Science is often thought of as a game of experimentation, correlation, and fact; yet somehow, science and scientific policy are referred to as ‘fake news’ in the mainstream media that we have become accustomed to under Trump’s presidency. When science is seen under these false pretenses, ‘bad scientific policy’ results.  This ‘bad science policy’ seems to bring forth the very chaos that is often depicted in the realm of science fiction.

No longer fiction, but fact; this chaos has become our everyday reality.

In the wake of Hurricane Irma, destruction paved a path that many people are still recovering from. In addition, climate change intensified the effects of this year’s tropical storms and hurricanes, leading to displaced climate refugees and countless homes in ruin. Still, no substantial scientific policy is being implemented as politicians continually denounce the very existence of climate change altogether. Why is this our reality when there is a correlation that has been proven countless times: bad scientific policy leads to a deteriorating earth.

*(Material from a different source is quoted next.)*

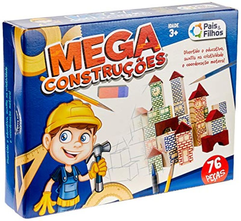 Mega Construções 76 peças, divertido e educativo, auxilia na criatividade e coordenação motora. A partir de 3 anos.

This is an issue that needs to be addressed. Carbon dioxide levels are at their highest in 650,000 years and yet no action is taking place. In fact, the United States is the only country that has not signed onto the Paris Climate Accord. It is evident that our climate demands action, but still, nothing substantial is done. And when action does take place, it is not enough. Congressman Lamar Smith (R-TX), Chair of the House Science Committee, said in June, “The benefits of a changing climate are often ignored and under-researched…” He went on to say, “For instance, Arctic sea ice is decreasing. This development will create new commercial shipping lanes that provide faster, more convenient, and less costly routes between ports in Asia, Europe, and eastern North America. This will increase international trade and strengthen the world economy.” In addition, he suggested that increasing carbon dioxide levels promotes the process of photosynthesis. When the Chair of the House Science Committee iterates these (non-factual) words, it is no wonder that scientific policy is not being implemented.

As Floridians, we have felt the amplified effects of natural disasters first-hand with Irma’s destruction (and some are still feeling it). We no longer need Trump to sign onto the Paris Climate Accord. We all know that this will not happen. Yet, we can sign the accord ourselves, we can evoke change together and work towards mitigating the devastating effects of climate change. Maybe it takes a flooded golf course for a man in office to realize that climate change is wreaking havoc on the places we call home, but the climate will continually prove itself to be changing. We must change what we are doing and together, I believe that we can change the very fate of our earth.